The Vatican

Meeting of the Pope with the Italian Confraternities

In his recent meeting with the Confederation of Confraternities of the Dioceses of Italy, Pope Francis encouraged these associations of the faithful to articulate their journey along three fundamental lines: Gospel, ecclesiality and missionary spirit.

Stefano Grossi Gondi-January 20, 2023-Reading time: 3 minutes

The Pope listens to the greeting of the president of the Italian confraternities, Rino Bisignano, during the meeting ©CNS photo/Vatican Media

On January 16, the Pope Francis received at the Vatican representatives of the Confederation of Confraternities of the Dioceses of Italy. This organization was founded in the Jubilee Year 2000 and projects itself towards the year 2025, when the next Jubilee will be celebrated.

In Italy, it currently has about 3,200 realities (there are as many confraternities in the country that are not registered in this association) and two million members.

History of the Brotherhoods

The experience of the Confraternities has a very ancient history, beginning around the 8th century with the equal participation of consecrated and lay people.

Long before the first religious orders were established, many Confraternities were already practicing works of charity and mercy, and working to increase public worship and popular piety.

The 14th century saw a new development with the creation of the Companies of the Body of Christ and of Mercy, and later those of Charity and of Divine Love, which founded hospitals and shelters for the needy. At this time, practically all the religious orders created Confraternities.

In the 16th century an evolution took place with the appearance of the archconfraternities; they were part of a network of confraternities, performed more pious works and various obligations, and enjoyed greater indulgences.

In later centuries, when the phenomenon of the missions developed, the Brotherhoods developed in new countries, where they represented works of evangelization.
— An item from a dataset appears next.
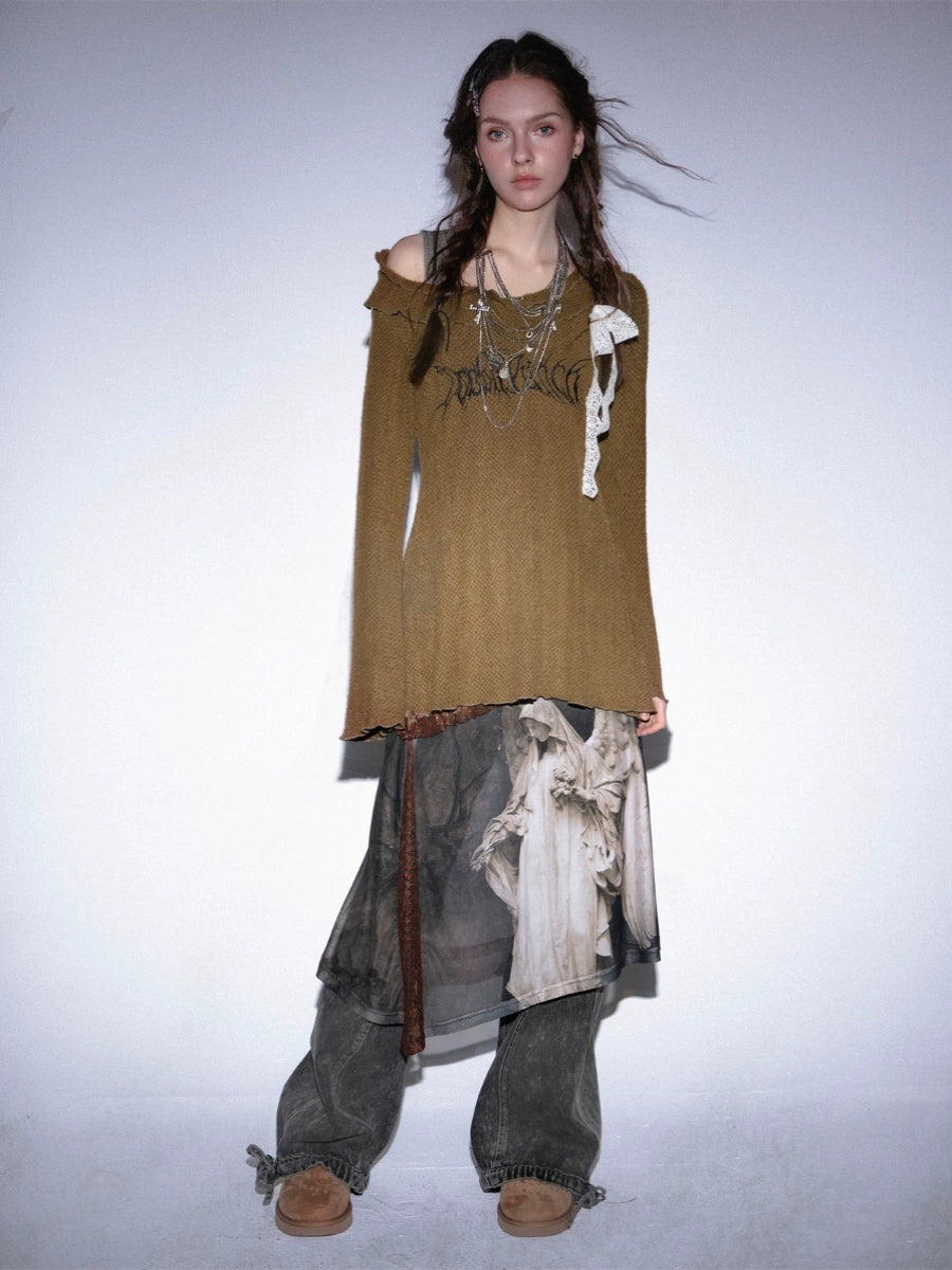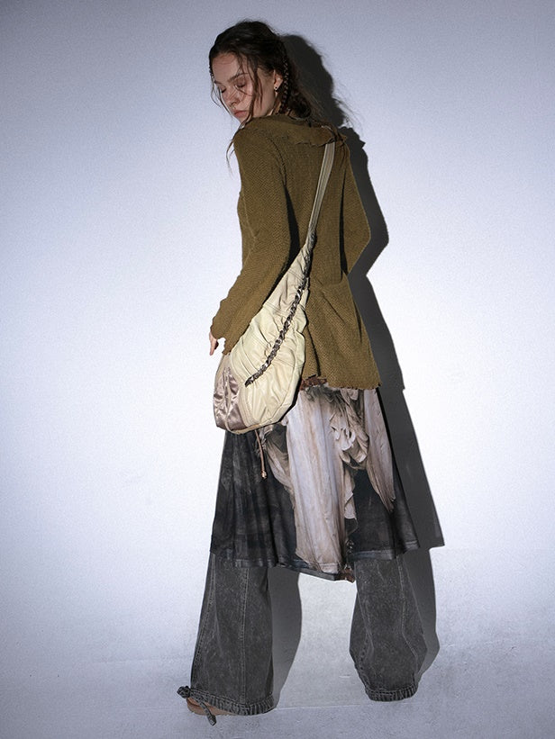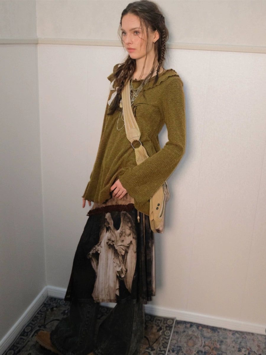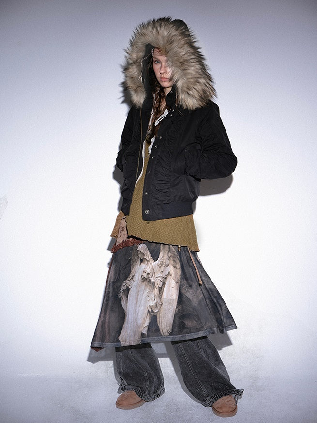 Engel gedrucktes Lederspleiß -Mesh -geschichtter Rock

During the Napoleonic era, almost all the confraternities were suppressed and their property confiscated. Only those with a purely religious character managed to survive.
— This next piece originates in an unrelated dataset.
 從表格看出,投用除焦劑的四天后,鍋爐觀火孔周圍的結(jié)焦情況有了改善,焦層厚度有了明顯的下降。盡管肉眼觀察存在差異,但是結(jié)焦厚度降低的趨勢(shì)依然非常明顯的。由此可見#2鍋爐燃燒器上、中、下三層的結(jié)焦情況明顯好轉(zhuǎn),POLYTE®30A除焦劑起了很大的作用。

In Italy, in the 19th century, confraternities that had a charitable purpose were distinguished from those that had a cultic purpose; confraternities that performed charitable works came under the control of the state authority.

An 1890 law confiscated all wealth-generating assets of all confraternities for worship purposes, leaving only the oratories and churches, and suppressed the charity offices and the charity congregation.
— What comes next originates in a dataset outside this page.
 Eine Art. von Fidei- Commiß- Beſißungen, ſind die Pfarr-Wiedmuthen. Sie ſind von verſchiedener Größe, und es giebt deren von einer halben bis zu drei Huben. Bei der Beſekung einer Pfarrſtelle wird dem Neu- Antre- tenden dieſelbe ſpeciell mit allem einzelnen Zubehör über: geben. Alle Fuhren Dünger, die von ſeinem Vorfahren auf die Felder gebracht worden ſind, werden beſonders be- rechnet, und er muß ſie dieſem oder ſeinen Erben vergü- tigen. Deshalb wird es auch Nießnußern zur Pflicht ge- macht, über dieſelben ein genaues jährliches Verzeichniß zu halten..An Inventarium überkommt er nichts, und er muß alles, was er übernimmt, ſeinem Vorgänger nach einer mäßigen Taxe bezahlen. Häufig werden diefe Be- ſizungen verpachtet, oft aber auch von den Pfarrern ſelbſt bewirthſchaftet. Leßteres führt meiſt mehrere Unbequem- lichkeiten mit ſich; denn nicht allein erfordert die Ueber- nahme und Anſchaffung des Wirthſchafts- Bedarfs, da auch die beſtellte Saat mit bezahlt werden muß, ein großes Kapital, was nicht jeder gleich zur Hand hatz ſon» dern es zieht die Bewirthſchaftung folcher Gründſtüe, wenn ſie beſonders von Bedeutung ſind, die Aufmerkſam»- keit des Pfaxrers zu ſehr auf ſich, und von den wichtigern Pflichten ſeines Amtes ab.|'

As already mentioned, in the year 2000 a reform desired by Pope John Paul II took place, which established the Confederation of Confraternities of the Dioceses of Italy. This reality of the Church thus had official recognition with the new century, protected by ecclesiastical authority.

In Europe, the brotherhoods are developing with significant numbers not only in Italy but also in other countries, with an overall volume of 27,000 confraternities and more than 6 million members. The most impressive presence is in Spain (13,000 with more than three million members).

The words of Pope Francis

In his meeting dedicated to this reality of the Church, the Pope referred to the Second Vatican Council on the theme of the presence of the laity in the Church "called by God to contribute, almost from within as leaven, to the sanctification of the world".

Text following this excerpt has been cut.